I am trying to use this python module to either denoise or recreate the input data. I have the following code to try and train your model to denoise a few images coming from the CIFAR10 dataset just to make sure I can carry out this basic task. Yet I am not getting my expected results.

import torch
import torchvision
import numpy as np
import matplotlib.pyplot as plt
from torch.utils.data import TensorDataset, DataLoader
from denoising_diffusion_pytorch import Unet, GaussianDiffusion

# location of the CIFAR10 dataset
data = iter(torchvision.datasets.CIFAR10("/local/data/williamjudge/images/",))

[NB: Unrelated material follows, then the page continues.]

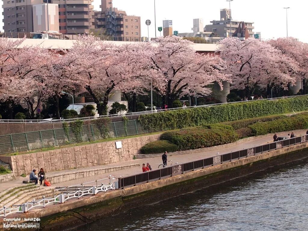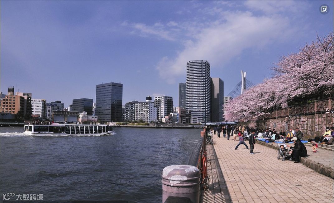 位于浅草隅田川河畔的隅田公园,以江户时期的"墨堤之樱"而闻名于世,古有"长堤十里花如云"的美称。隅田川的两岸排列着长达1公里以上的樱花树木,多达700多株。

# Setting the device to use
device=torch.device('cuda:0')

# Just collecting 2 images from the dataset, normalizing from 0-1
d = []
for i in range(2):
    images, labels = next(data)
    images = np.asarray(images)
    images = np.swapaxes(images[:, :, :], 0, -1)
    images = images - images.min()
    images = images / images.max()
    d.append(list(images))

# Creating a model
model = Unet(
    dim = 64,
    dim_mults = (1, 2, 4, 8)
).to(device)

# Using GaussianDiffusion
diffusion = GaussianDiffusion(
    model,
    image_size = 32,
    timesteps = 20000,   # number of steps
    loss_type = 'l1',    # L1 or L2
    objective='pred_v',
).to(device)

# Placing the data within a torch.Tensor
training_images = np.asarray(d)
training_images = torch.Tensor(training_images).to(device)

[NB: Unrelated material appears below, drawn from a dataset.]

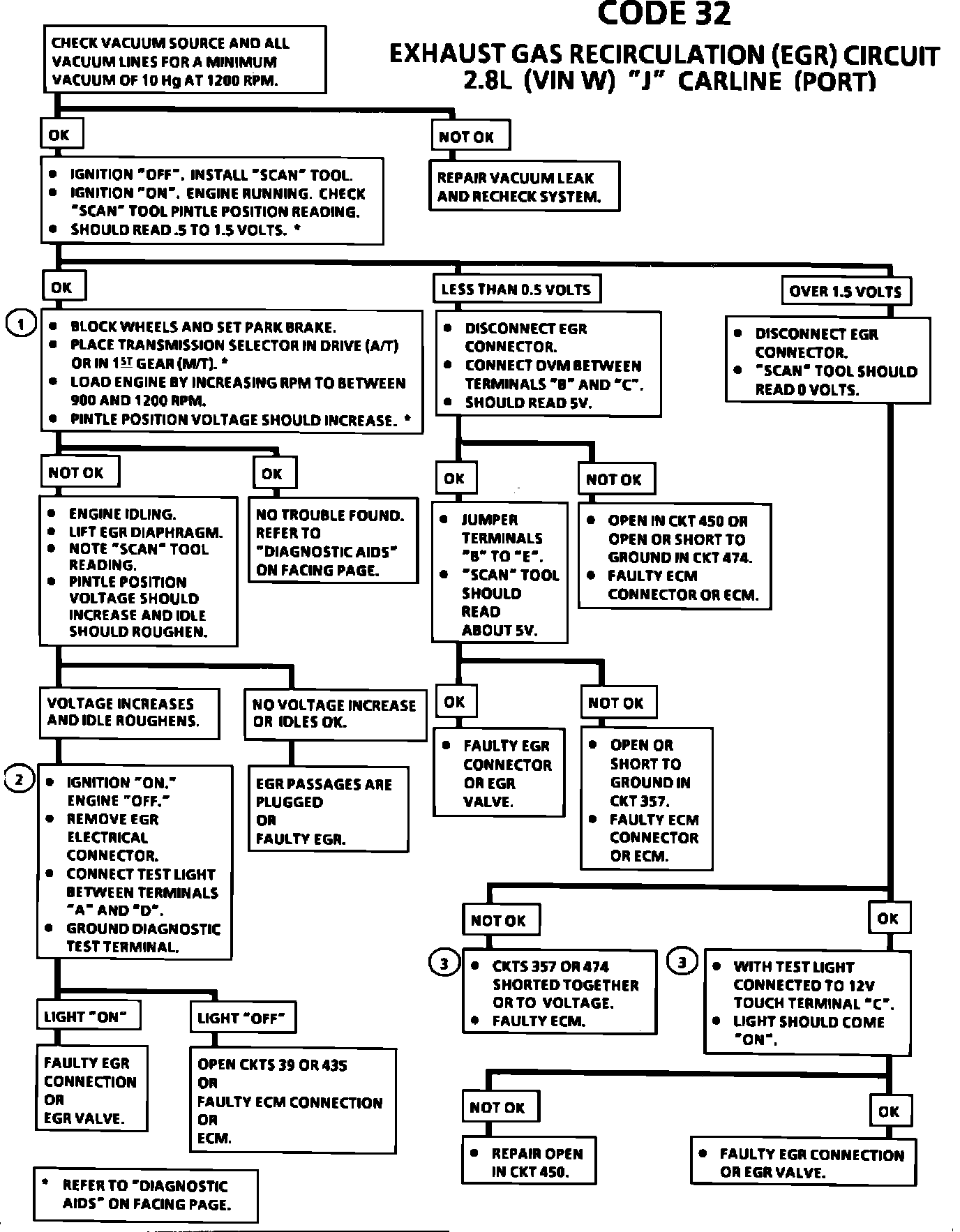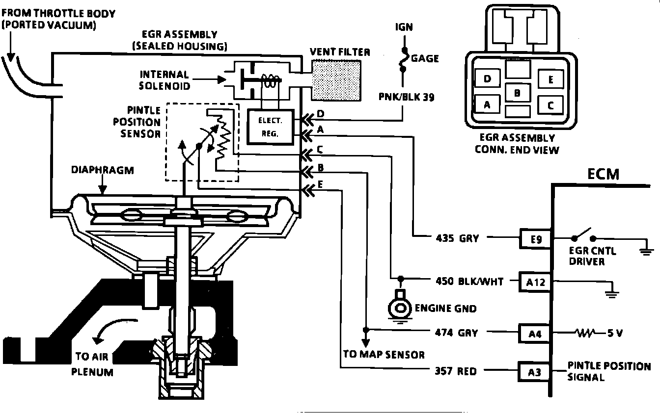 Circuit Description: 2.8L (VIN W) "J" CARLIN E (PORT) The integrated electronic EGR valve functions similar to a port EGR valve with a remote vacuum regulator. The internal solenoid is normally open, which causes the vacuum signal to be vented "OFF" to the atmosphere when EGR is not being commanded by the ECM. This, EGR valve has a sealed cap and the solenoid valve opens and closes the vacuum signal which controls the amount of vacuum vented to atmosphere, and this controls the amount of vacuum applied to the diaphragm. The electronic EGR valve contains a voltage regulator which converts the ECM signal to provide different amounts of EGR flow by regulating the current to the solenoid. The ECM controls EGR with a pulse width modulated signal (turns "ON" and "OFF" many times a second) based on air flow, TPS, and rpm. This system also contains a pintle position sensor which works similar to a TPS sensor, and as EGR flow is increased, the sensor output also increases. Code 32 means that there has been an EGR system fault detected. Code 32 will set under two conditions:

loss = diffusion(training_images.cuda())
loss.backward()
# after a lot of training

# Confusion
sampled_images = diffusion.sample(batch_size = 4)
sampled_images.shape # (4, 3, 128, 128)

# Viewing Data
plt.imshow(training_images[0][0].cpu())
plt.show()

plt.imshow(sampled_images[0][0].cpu())
plt.show()

Since the training_images and the sampled_images do not come close to matching, even after setting timesteps to 20,000, this has lead to confusion about a couple of areas:

  1. is the diffusion.sample() training the model and returning the predictions on the training data?
  2. if I want a model to recreate the input data I am assuming that the objective should = 'pred_x0'. Is this assumption correct?
  3. if I want a model to predict the noise in the data I am assuming that the objective should = 'pred_noise'. Is this assumption correct?
  4. if diffusion.sample() is training the model and returning predictions, how can I use the trained model to just output predictions without the training step?
Adrian744 commented 1 year ago
  1. No, diffusion.sample(X) will simply generate X outputs based on the trained model.
  2. No. The objective is simply a learning strategy which will be used in the training process. The output itself is always a image which should look like a image from your dataset.
  3. See 2.
  4. see 1. What you need to do, is to use the trainer class as in the read.me described. It will make your life more easy.